Algo sem precedentes aconteceu. O mundo está em alerta máximo devido a uma onda de calor recorde.

Entrada
revisão

O mundo está vibrante… “o maior obstáculo na economia global”

O mundo está fervendo à medida que uma onda de calor recorde se torna realidade. A foto é do Paquistão, onde as temperaturas diurnas subiram recentemente para 52 graus./ Agência de Notícias Yonhap

A onda de calor sem precedentes anteriormente prevista tornou-se uma realidade e o mundo inteiro está em ebulição. As ondas de calor do Verão emergiram como o maior obstáculo à economia global, com os preços das matérias-primas, como os produtos agrícolas, a subir devido às temperaturas elevadas sem precedentes, e ao encerramento de grandes atracções turísticas em países como a Grécia, onde a indústria do turismo é uma fonte importante de comida.

Os preços estão em crise devido à onda de calor

De acordo com a indústria naval no dia 14, especulou-se que o Canal do Panamá, que sofre um gargalo no transporte marítimo devido à escassez de água devido à forte seca, conseguiria voltar ao normal até outubro. Em comunicado ao setor naval, a Autoridade do Canal do Panamá (ACP) anunciou no dia anterior que “o número de navios que poderão passar será aumentado dos atuais 32 para 34 a partir do dia 22 do próximo mês”.

Embora represente um aumento significativo face ao final do ano passado, quando o número desceu uma vez para cerca de 22 navios, ainda é um número pequeno comparativamente ao número de navios que passam em situação completamente normal (36 navios).

As altas taxas de frete criam dificuldades na gestão de preços nos principais países do mundo. O Canal do Panamá, que movimenta 4% a 5% do comércio global, registou a precipitação mais baixa desde 1950 (41% abaixo da média, em Outubro de 2023), causando grandes perturbações nas suas operações desde o segundo semestre do ano até ao passado. recentemente.

READ  Turistas se afogam nas Cataratas do Iguaçu, na Argentina, a terceira maior cachoeira do mundo

A WWA (World Weather Attribution), uma organização multinacional que estuda as alterações climáticas, indicou no mês passado que o El Niño era o culpado pela baixa pluviosidade que tem dificultado a passagem de navios no Canal do Panamá. De acordo com um relatório divulgado no mês passado pelo Centro Climático da Cruz Vermelha e do Crescente Vermelho, pela Rede Mundial de Ciência Meteorológica e pela organização de investigação sem fins lucrativos Climate, o Panamá registou um total de 149 dias de ondas de calor anualmente até meados de Maio. No ano passado, pelo mesmo período deste ano, o maior do mundo, foi escolhido como um dos cinco locais afetados pela onda de calor.

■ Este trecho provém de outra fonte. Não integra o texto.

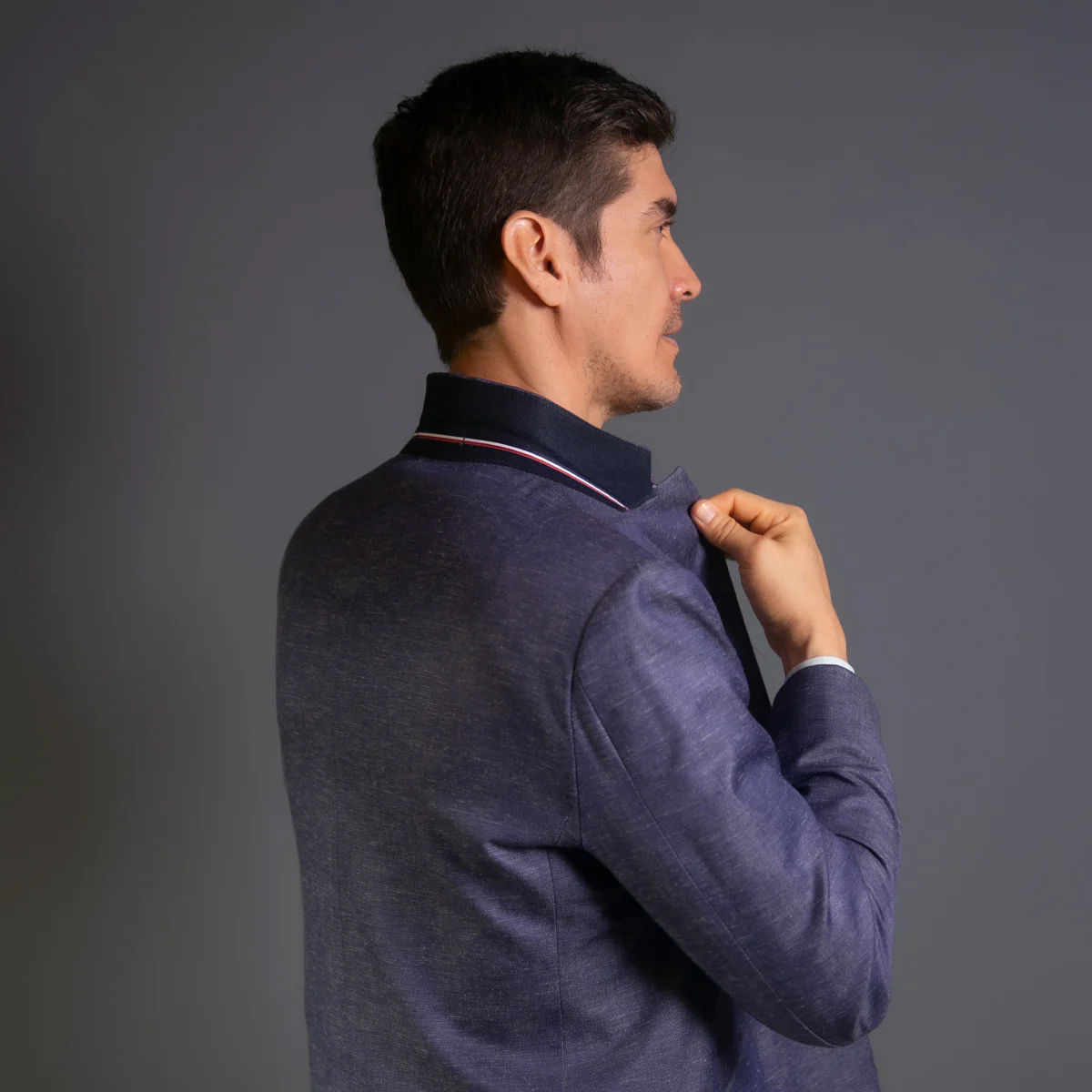 Su diseño semi desestructurado con forro completo brinda libertad de movimiento manteniendo una estructura impecable. Cuenta con cuello tipo tapa con detalle en fieltro y cinta tricolor en el interior que añade un toque especial, además de botones tricolores que realzan su acabado.

No dia 13, a Administração Meteorológica da China anunciou através do site Weibo (a versão chinesa da Agência Meteorológica) que “a temperatura da superfície pode ser semelhante ou subir mais durante vários dias”, e recomendou “não sair com crianças ou animais de estimação, pois são mais afetados em relação à temperatura da superfície devido à sua baixa estatura.”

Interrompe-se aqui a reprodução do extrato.